- **Task directions**: In the entries that follow, find the line containing "в ассортименте (Р-109)" and the line containing "서울귀금속제조협동조합 소식바구니 서울귀금속제조협동조합", then retype exactly the lines from the first through the second, pictures excluded.

- **Exercise input**:
# # # # # # #

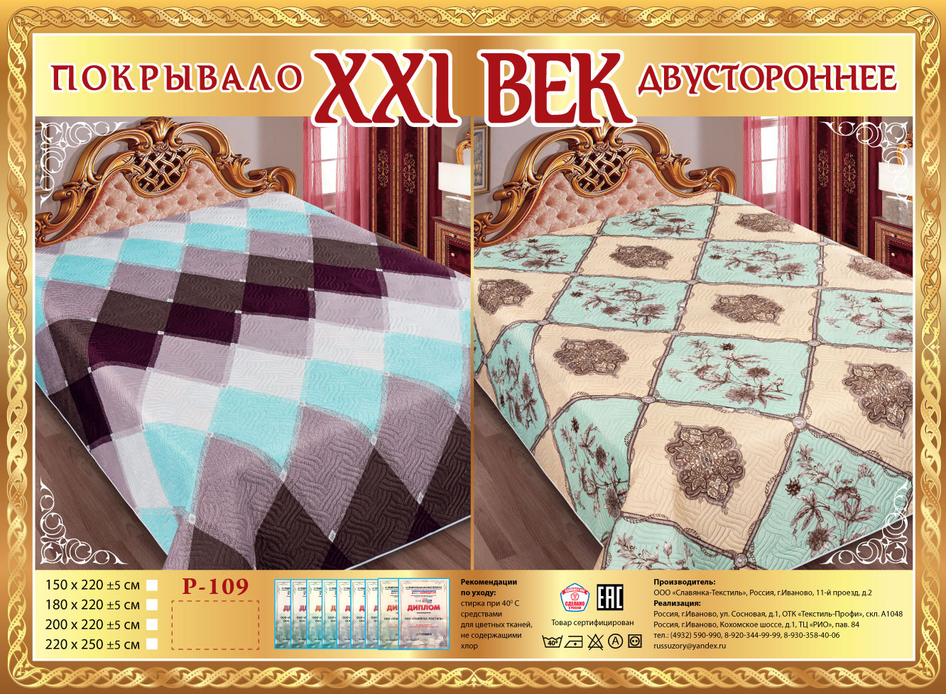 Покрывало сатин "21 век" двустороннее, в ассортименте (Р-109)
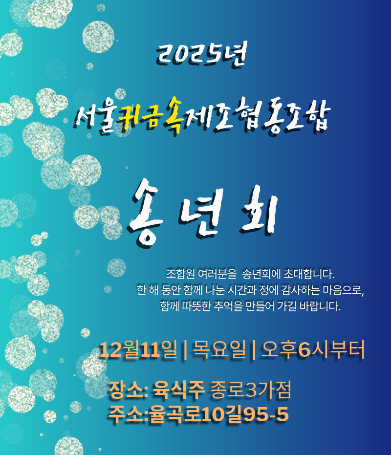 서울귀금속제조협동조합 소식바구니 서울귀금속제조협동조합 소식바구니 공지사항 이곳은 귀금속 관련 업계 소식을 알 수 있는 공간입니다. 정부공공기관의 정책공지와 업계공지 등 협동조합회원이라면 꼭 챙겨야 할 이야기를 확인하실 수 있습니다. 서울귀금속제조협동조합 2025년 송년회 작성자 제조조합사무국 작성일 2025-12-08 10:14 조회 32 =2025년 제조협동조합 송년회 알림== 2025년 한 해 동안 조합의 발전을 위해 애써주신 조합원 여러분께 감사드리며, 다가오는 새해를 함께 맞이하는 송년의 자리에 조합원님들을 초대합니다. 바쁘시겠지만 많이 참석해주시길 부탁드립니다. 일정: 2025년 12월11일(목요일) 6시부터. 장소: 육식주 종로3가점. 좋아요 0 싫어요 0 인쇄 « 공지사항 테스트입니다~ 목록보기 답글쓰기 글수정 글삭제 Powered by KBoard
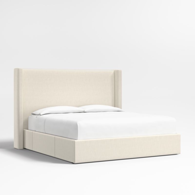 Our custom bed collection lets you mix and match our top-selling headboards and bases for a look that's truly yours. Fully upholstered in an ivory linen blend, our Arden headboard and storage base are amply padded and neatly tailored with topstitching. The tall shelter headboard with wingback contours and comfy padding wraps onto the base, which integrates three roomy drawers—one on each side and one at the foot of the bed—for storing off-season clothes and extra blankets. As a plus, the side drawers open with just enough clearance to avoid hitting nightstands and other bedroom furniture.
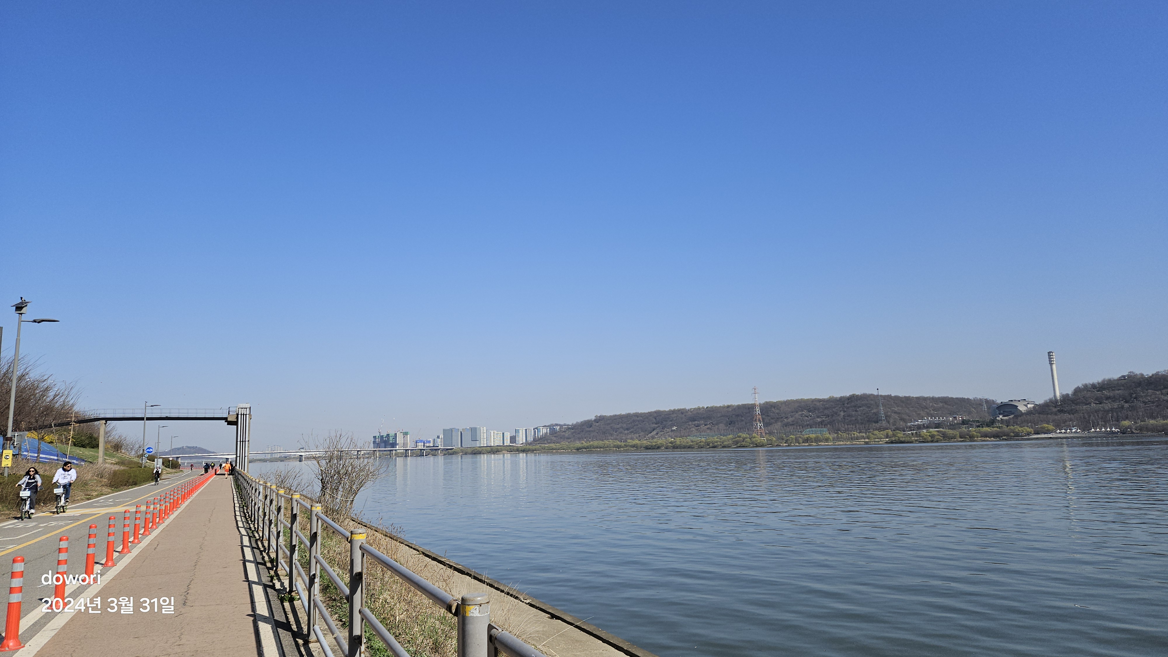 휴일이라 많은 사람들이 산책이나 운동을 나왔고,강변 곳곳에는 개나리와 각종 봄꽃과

# # # # # # #

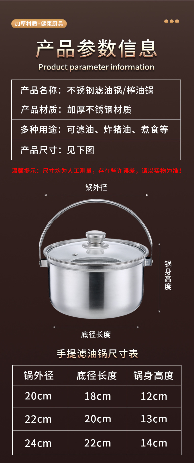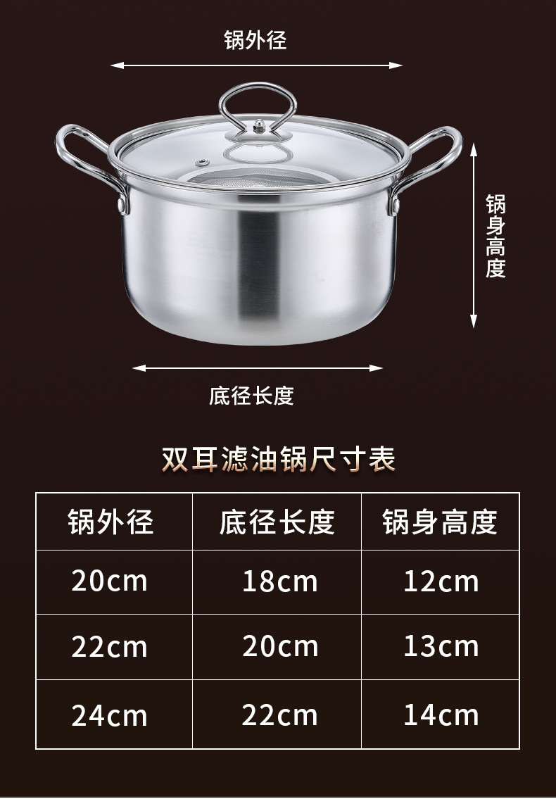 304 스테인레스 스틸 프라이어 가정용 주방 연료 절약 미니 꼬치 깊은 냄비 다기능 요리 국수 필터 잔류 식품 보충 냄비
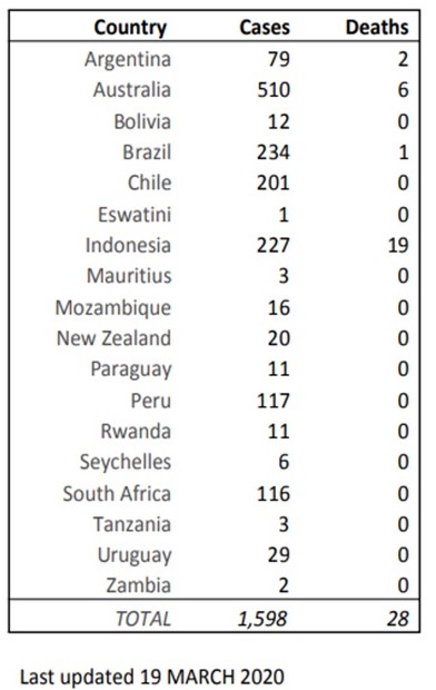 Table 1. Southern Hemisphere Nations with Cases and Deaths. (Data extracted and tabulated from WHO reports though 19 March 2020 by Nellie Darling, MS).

# # # # # # #

- **Task output**:
 Покрывало сатин "21 век" двустороннее, в ассортименте (Р-109)
 서울귀금속제조협동조합 소식바구니 서울귀금속제조협동조합 소식바구니 공지사항 이곳은 귀금속 관련 업계 소식을 알 수 있는 공간입니다. 정부공공기관의 정책공지와 업계공지 등 협동조합회원이라면 꼭 챙겨야 할 이야기를 확인하실 수 있습니다. 서울귀금속제조협동조합 2025년 송년회 작성자 제조조합사무국 작성일 2025-12-08 10:14 조회 32 =2025년 제조협동조합 송년회 알림== 2025년 한 해 동안 조합의 발전을 위해 애써주신 조합원 여러분께 감사드리며, 다가오는 새해를 함께 맞이하는 송년의 자리에 조합원님들을 초대합니다. 바쁘시겠지만 많이 참석해주시길 부탁드립니다. 일정: 2025년 12월11일(목요일) 6시부터. 장소: 육식주 종로3가점. 좋아요 0 싫어요 0 인쇄 « 공지사항 테스트입니다~ 목록보기 답글쓰기 글수정 글삭제 Powered by KBoard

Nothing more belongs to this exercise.